Monday, October 18, 2010

October 17 Cross Crusade: Equestrian Center, Wilsonville


It was awful, to begin with. There was no rain, it was warm, people were happy and, worse, agreeable. By all accounts, these conditions are difficult for the vast talent portfolio of Yard Sale CX, of which I'm YSCX XL. Under normal conditions (soaked to the soul and cold to the marrow), YSCX thrives. By thrive, I mean, of course, shows up. Under these wonderfully inclement conditions, we'd typically only have to compete with the heartiest ilk--the bearded, the tattooed and the men.

A brief synapses of what went right/wrong.
Sarah won the Women B class, simply by coming out of nowhere and sandbagging her classification. This is a brilliant strategy that I've thought we could all deploy except for the facts, that we're no longer "out of nowhere" --if you don't know YSCX, you don't know shit-- and that the Russian judges who run this operation haven't created categories so shitty that we could legitimately (or illegitimately) dominate.

What they've left us with is an unreasonably early starting gun for the old and slow categories, virtually pushing us over a ledge to gruesome humiliation among the young and fast.
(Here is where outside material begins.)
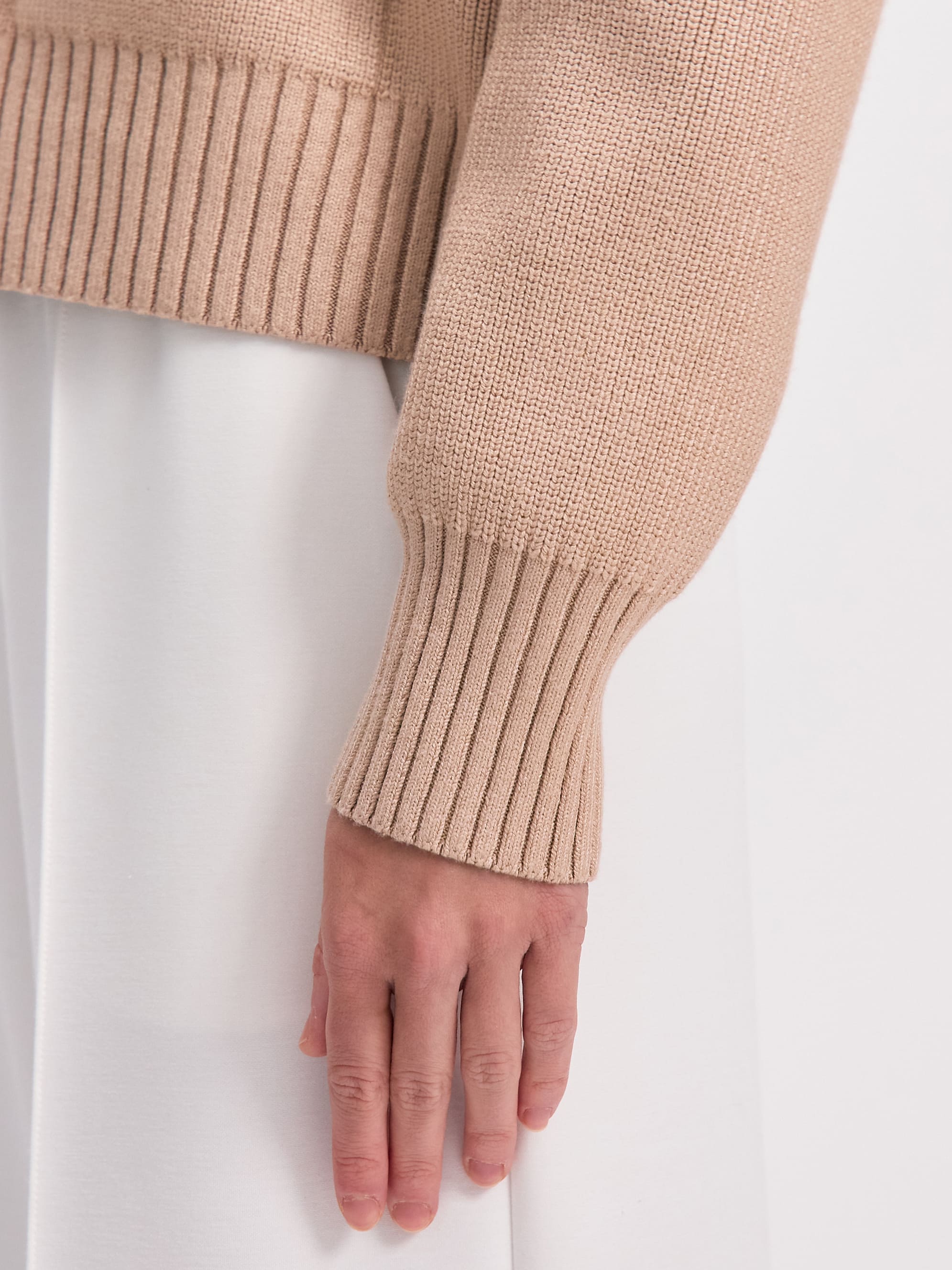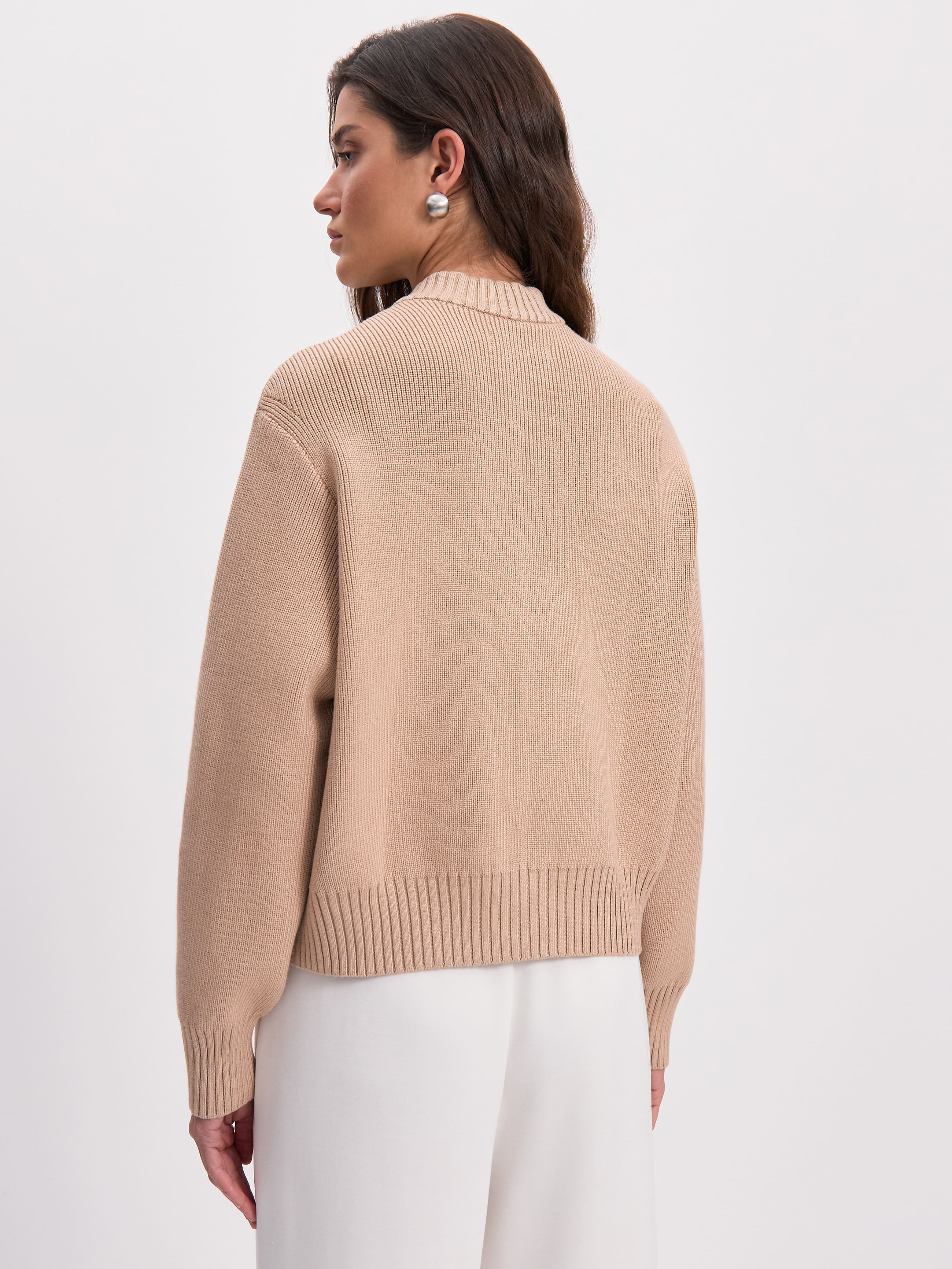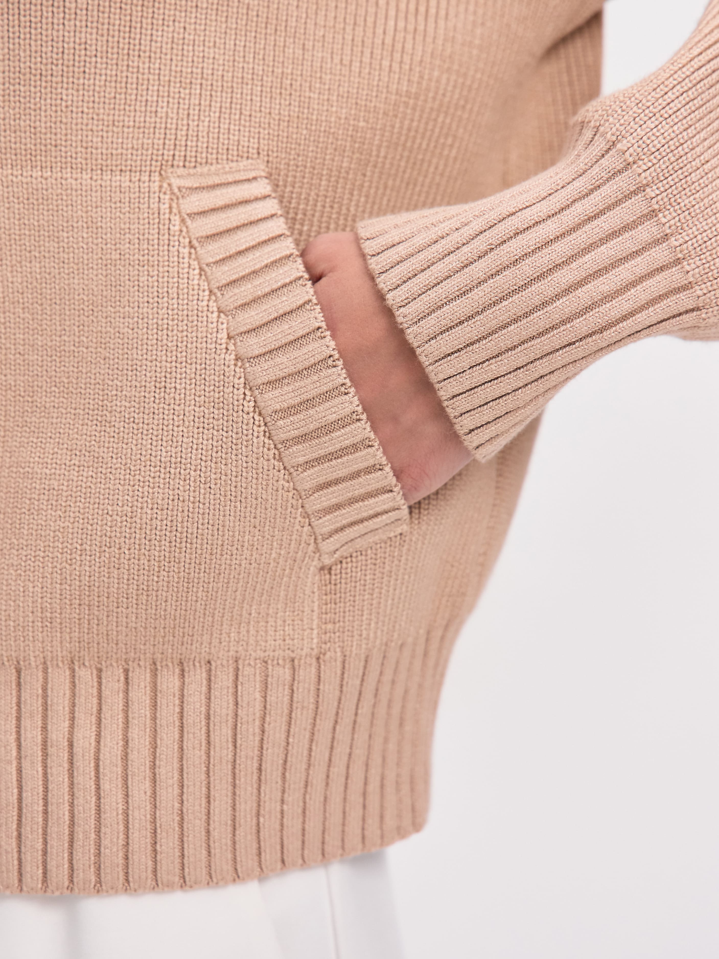 Мягкий бомбер из плотной хлопковой пряжи – приятный на ощупь, дышащий каждой петелькой, бережно хранящий тепло. Джемпер в меру объемный, усиленный добавкой из легкой вискозы и эластичного полиамида. Искусственные волокна помогают хлопку быстро восстанавливать форму. При этом они не снижают воздухопроницаемость и тактильность изделия. В качестве бонуса добавили двойную молнию, чтобы вы продолжили развивать идею сложных многослойных образов.

With tens of minutes of training this year, God bless, I was able dig deep and do what Phil Liggett called, "turn himself inside out," when referring to the Herculean effort of Tour cyclist and my eating coach, Andy Schleck, in the 2010 race.


In any case, I felt myself and felt myself growing stronger more confident through the first 500 meters of the race. Someone who's never
studied geography, cartography or even looked at a map, however, plotted hills into this race course, and more than one. You can say a lot about the Russian judges who run the Cross Crusade operations, but double the negative of these observations for the course setters. If I could figure out how to drop in another photo here, you'd see the determined anguish that I conjured to get through that lap and other like it, but these others being progressively slower.

At the end of the day, I finished a respectable 80th out of a field of 89, plus seven DNF, which, I assume, means they're from East Germany. But to legitimately outpace nine Americans and seven East Germans, who, we all know have a reputation for doping, speaks volumes of velocity.

I'll post more photos as soon as I read the manual on this blog site. These photos will show, beyond the shadow of a doubt, shadows and doubt.